Flowers of the Apocynaceae are complex and highly derived. Flowers have radial symmetry (actinomorphic), and are borne in heads that are cymes or racemes, or are solitary in axils. They are perfect (bisexual), with a synsepalous, five-lobed calyx united into a tube at the base. Inflorescences are terminal or axillary. Five petals are united into a tube with four or five epipetalous stamens. The style head is swollen. The pollen is transported in foam. The ovary is usually superior, bicarpellary, and apocarpous, with a common fused style and stigma. (Fig. 5. and Fig.6. in the illustration of Rhigospira quadrangularis show a typical tripartite style which divides into three zones (specialised for pollen deposition, viscin secretion, and the reception of pollen).

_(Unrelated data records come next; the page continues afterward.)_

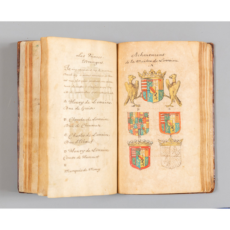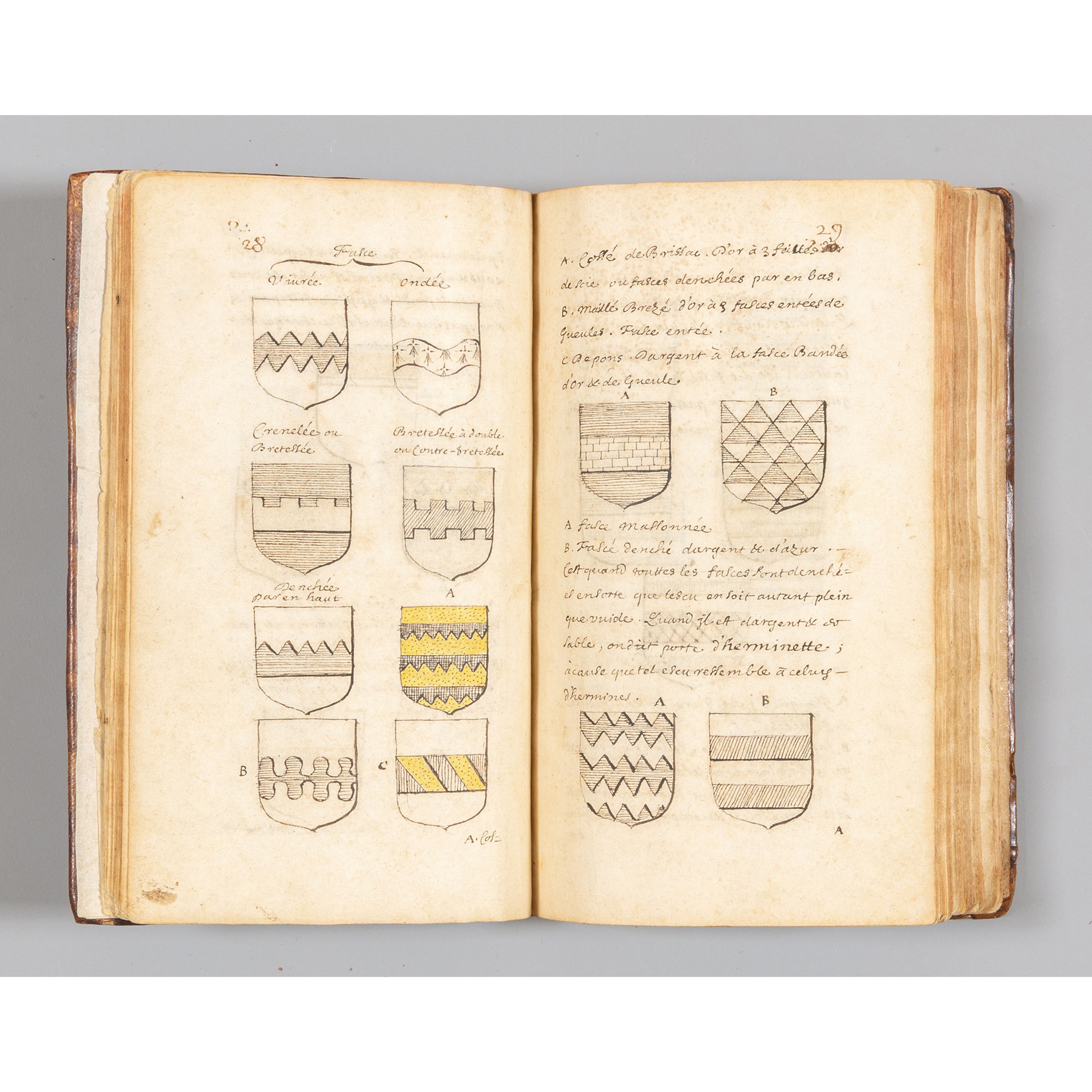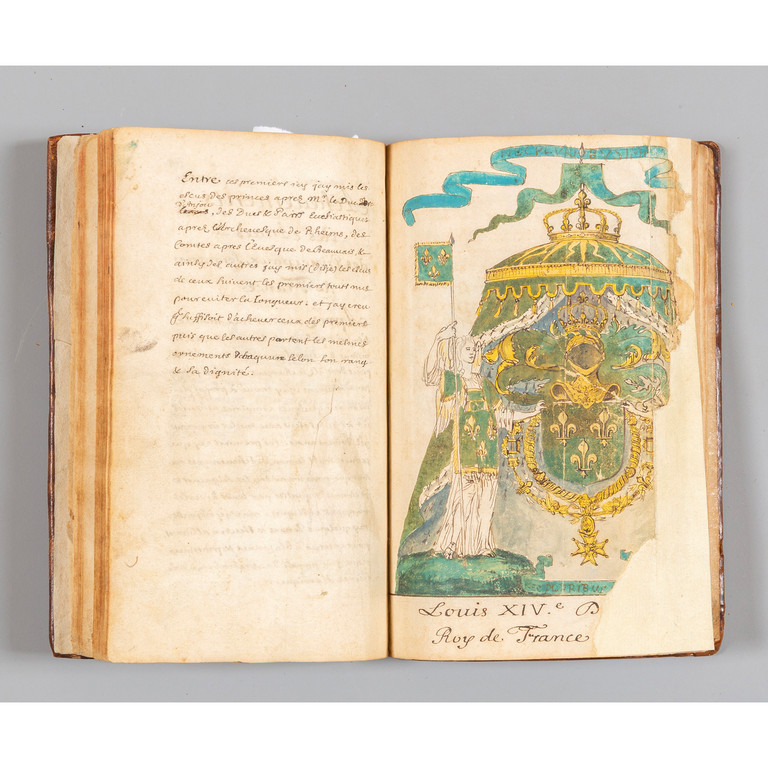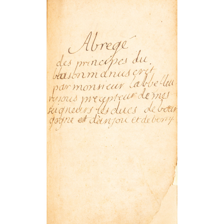 Manuale di araldica interamente autografo dell'abate Claude Fleury (1641-1723), sotto-precettore tra il 1689 e il 1705 dei figli del Grand Dauphin, nipoti di Luigi XIV, e più tardi confessore di Luigi XV. Fu autore dell'importante Histoire eccl´siastique (1691-1720), tradotta in seguito in italiano e tedesco.
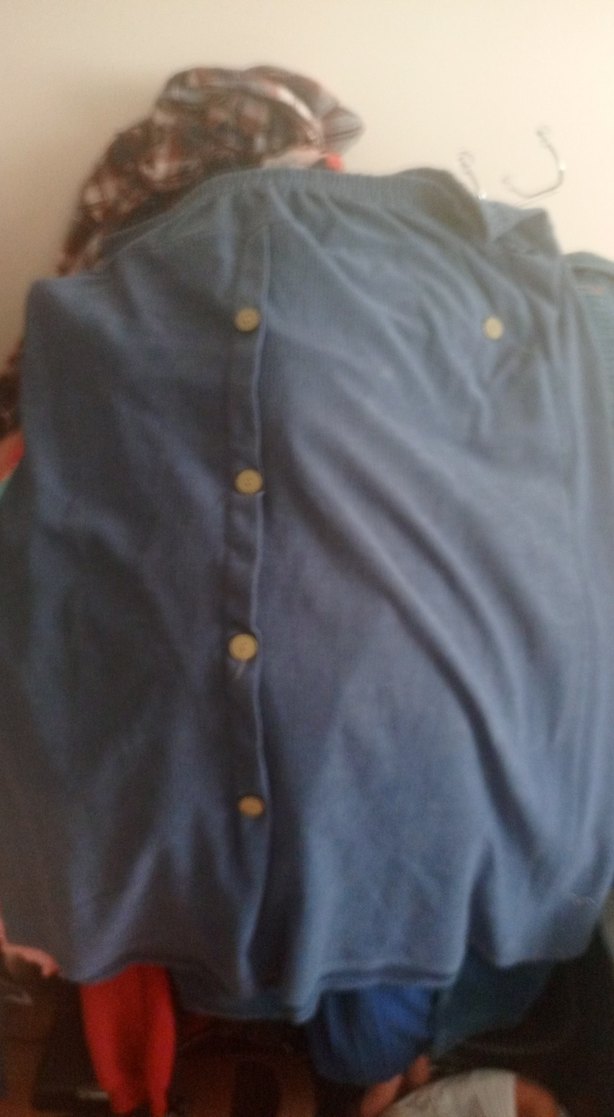 Düğmeli önü ve yuvarlak yakası olan, bol kesim mavi parlak denim hamile gömleği. Normal uzunlukta, midi boyda ve uzun kolludur, günlük rahat kullanım için uygundur. iki yan yerinde yırtık vardır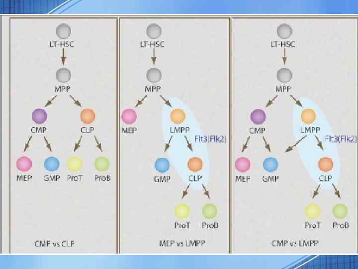 • Таким образом, по существующей на данный момент информации MPP проходят стадию CMP или LMPP прежде чем дать начало миелоидному и лимфоидному ростку • Для более точного разделения путей развития лимфоидных и миелоидных клеток необходимо привлекать дополнительные маркеры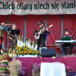 Była to jedna z wielu atrakcji przygotowanych przez mieszkańców Gawłowa, mimo iż pogoda nie do końca dopisała, to impreza zgromadziła bardzo wielu gości. Już kilka dni przed dożynkami, sznury samochodów przejeżdżały przez Gawłów aby podziwiać przygotowane na tą okazję przeróżne figury ze słomy. Osobliwe słomiane kompozycje robiły na przyjezdnych duże wrażenie i co rusz ktoś się zatrzymywał aby zrobić sobie z nimi zdjęcie. W dniu dożynek aby dojechać na miejsce trzeba było stać w korku, co już obrazuje nam ilość odwiedzających. Nie zawiodła również oprawa artystyczna, na scenie mogliśmy posłuchać lokalnych zespołów ludowych, Krakowską Grupe Biesiadną, a pod wieczór występu DJ’a. Jedną z atrakcji tegorocznych dożynek, był współorganizowany przez Lokalną Grupę Działania „Kraina Wielkiego Łuku Warty” festiwal „Nadwarciańskie Smaki”. Największym wzięciem cieszyło się stoisko w którym można było za darmo spróbować swojskiego bimbru. Wśród stoisk dało się również zauważyć przemykająca kamerę TVP, więc wkrótce możemy spodziewać się relacji z tego wydarzenia. Jednym słowem dożynki w Gawłowie uważam za świetnie zorganizowane i w stu procentach udane. Dajcie znać jak wyglądały dożynki w Waszych miejscowościach.

The fruit is a drupe, a berry, a capsule, or a (frequently paired) follicle. The seeds are often winged or have appendages of long silky hairs.

==Taxonomy==

As of 2012, the family was described as comprising some 5,100 species, in five subfamilies:
- Apocynoideae Burnett, 1835
- Asclepiadoideae Burnett, 1835 (incorporating the Asclepiadaceae)
- Periplocoideae Endl., 1838
- Rauvolfioideae Kostel., 1834
- Secamonoideae Endl., 1838

The former family Asclepiadaceae is included in Apocynaceae according to the Angiosperm Phylogeny Group III (APG III) modern, largely molecular-based system of flowering plant taxonomy.
An updated classification, including 366 genera, 25 tribes, and 49 subtribes, was published in 2014.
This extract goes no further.